27.闇

 ファルムの家は一階建ての、貴族でもなんでもない一般的な家庭のようだった。

 隣家とはかなり離れていて、ポツンとさみしく建っている印象を受ける。

 中に入ると、奥さんらしき人物と息子らしき人物がにこにこと立っていた。

 そんな彼の家族の姿を見るとエリザの杞憂だったのだろうかとも思ったが、二重の扉を通って地下室に連れて行かれた瞬間、そんな生ぬるい考えは吹き飛ぶことになる。

 その場所は、壁沿いに大きな壺がいくつも置かれていて、なにかがこもったような奇妙な匂いがした。

 暗い部屋の隅には、一人の女性がうつろな瞳でうずくまっている。
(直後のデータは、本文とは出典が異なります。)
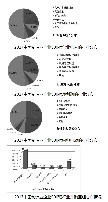 2017中国制造业企业500强行业分布及特征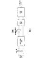 The low frequency rlc circuit model that comprises the system of a modulator-demodulator (as modulator-demodulator 300) and a telephone line (as circuit 370), as shown in Figure 4.The resonance frequency of this rlc circuit model (it is general corresponding with the peak value of transfer function) is the function of telephone line length.In the present embodiment, L is the inductance of the elementary or modem side of transformer (as transformer 360), and R is the input impedance of AFE (analog front end) (as AFE 340), R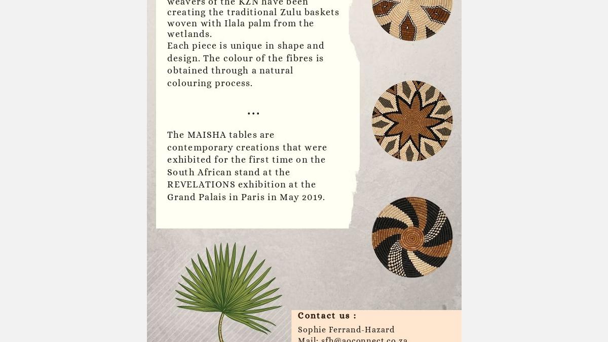For several generations, master weavers of the KZN have been creating the traditional Zulu baskets woven with Ilala palm from the wetlands. Each piece is unique in shape and design. The colour of the fibres is obtained through a natural colouring process.
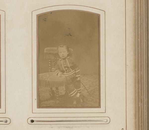 Curator: This is a gelatin silver print dating from between 1861 and 1874, "Portret van een kind, zittend op een stoel" ("Portrait of a child, sitting on a chair"). It’s currently held in the Rijksmuseum. Editor: Wow, that kid looks like they’re ready to rule the world, perched on that fancy chair! The expression is just priceless. There's something so innocent and imperious at the same time, you know? Like, "I’m adorable, but don’t you dare forget my royal status!" Curator: It is interesting how studios posed children with props to infer status during the 19th century. These types of photographic portraits allowed for broader representation than paintings. Note the elaborate, ornamented chair; it gives the child an air of importance, fitting into the tradition of stately portraiture while allowing accessibility. Editor: Totally! And you can almost feel the photographer trying to capture this fleeting moment of childhood. The slightly blurred edges and the sepia tone give it such a dreamy quality. But look at those tiny shoes barely peeking out from under the skirt—total rebellion! What do you make of the child's gesture, that slight lift of the right arm? Curator: It probably served to animate what was, inevitably, a rather static, constructed pose. Think about the historical context: photography was newer and subjects, especially children, needed direction. Movement helped make the subject more relaxed under those circumstances, but you can sense the constructed image struggling to become genuine. Editor: Makes me think about my own childhood pictures. So stiff and posed. No one looked natural, though we thought we did! Curator: Right! Early photography adopted conventions from painting, striving to present a refined image. And these were meant for specific viewers and to represent families in a certain way to broader society. Editor: Which makes you wonder about who got to see these, right? And what this family's social circles must have been like. Art that opens up those questions is the best kind. Curator: It truly is. These early photographic images reveal so much about how individuals and families wished to present themselves during a period of rapid social and technological change. Editor: And it also shows how little children have changed in wanting to make mischief regardless of circumstances. I see pure character here.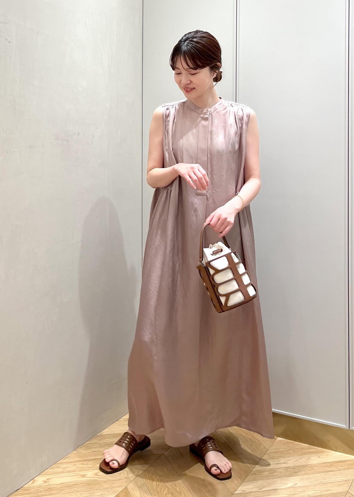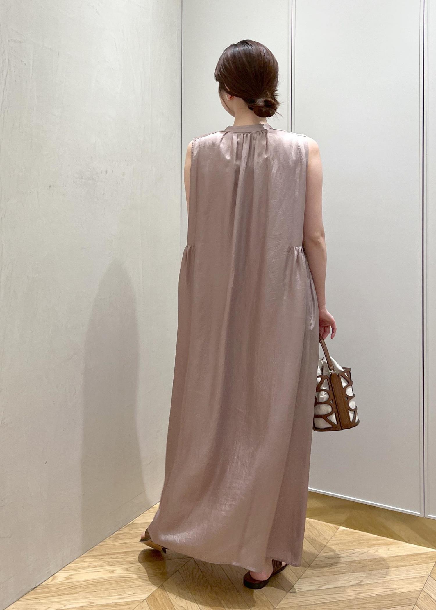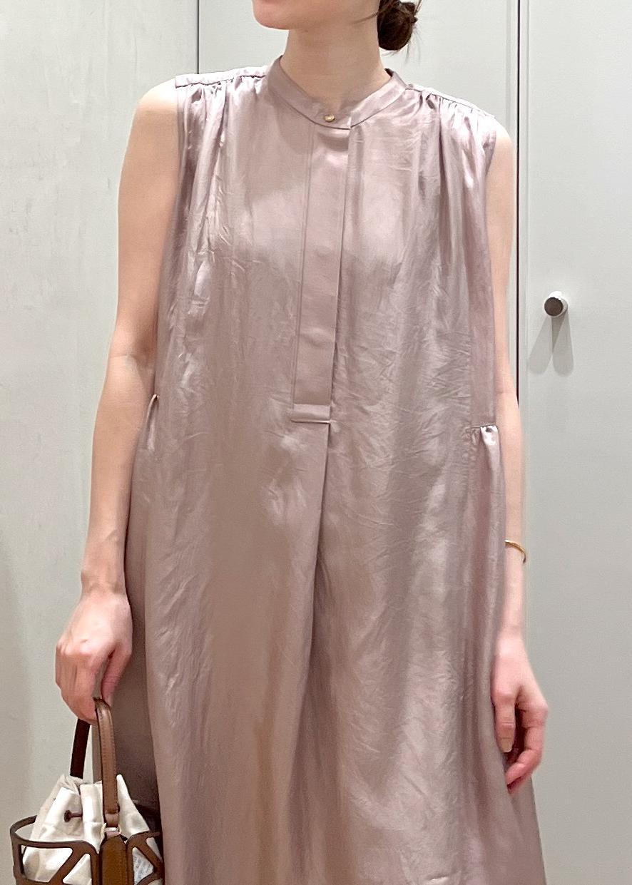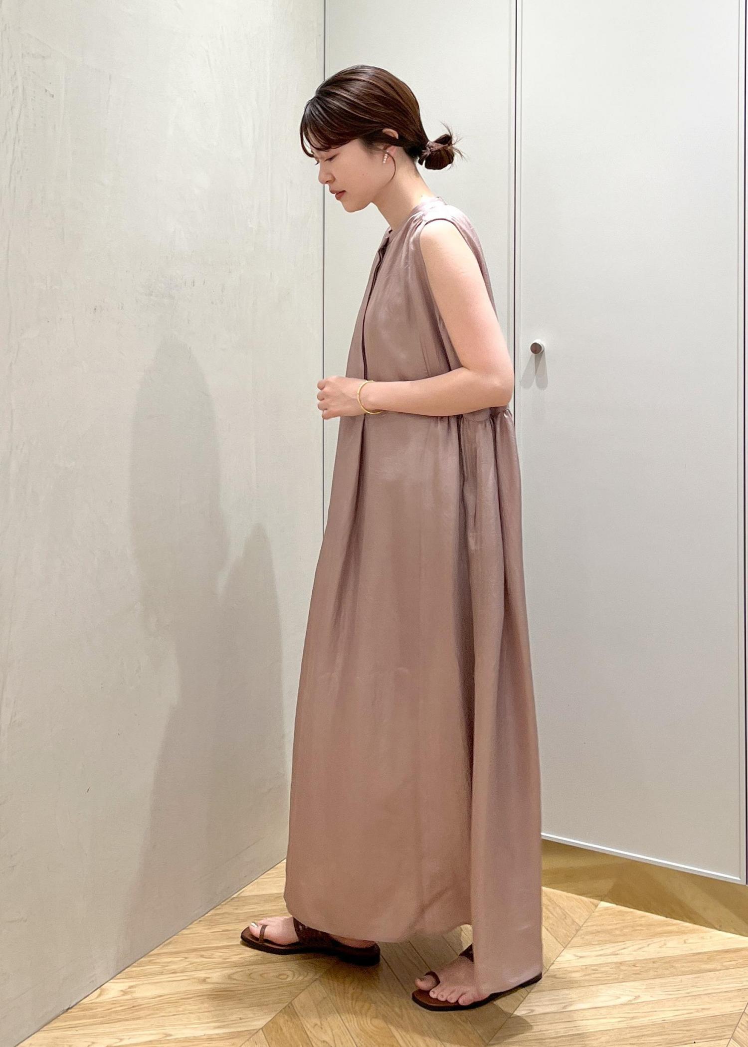 アウトレットROPÉアセテートビンテージサテンギャザーワンピースベージュ / F¥25,080レビューツヤ感と上品さもあり、肌離れする軽い着心地。

いや、うずくまっているのではなく、両足がないのだ。

 事故か、病気か、それとも……。

 にこにこ笑うファルムを見上げると、彼はさも自慢げに彼女に近づいた。


「ほら、彼女は綺麗だろう? 私の初めてのだるまちゃんになれるよ、きっと」


 嬉しそうに彼女の切断面を撫でるファルム。

 やはり彼女の足をこうしたのは、彼で間違いない。


「これだけ根本から切ると、みんなショック死するか失血死してしまってねぇ……彼女はとっても優秀なんだ」


 みんな、という言葉にゾクリと身震いする。この男は一体何人の女性を犠牲にしてきたというのだろうか。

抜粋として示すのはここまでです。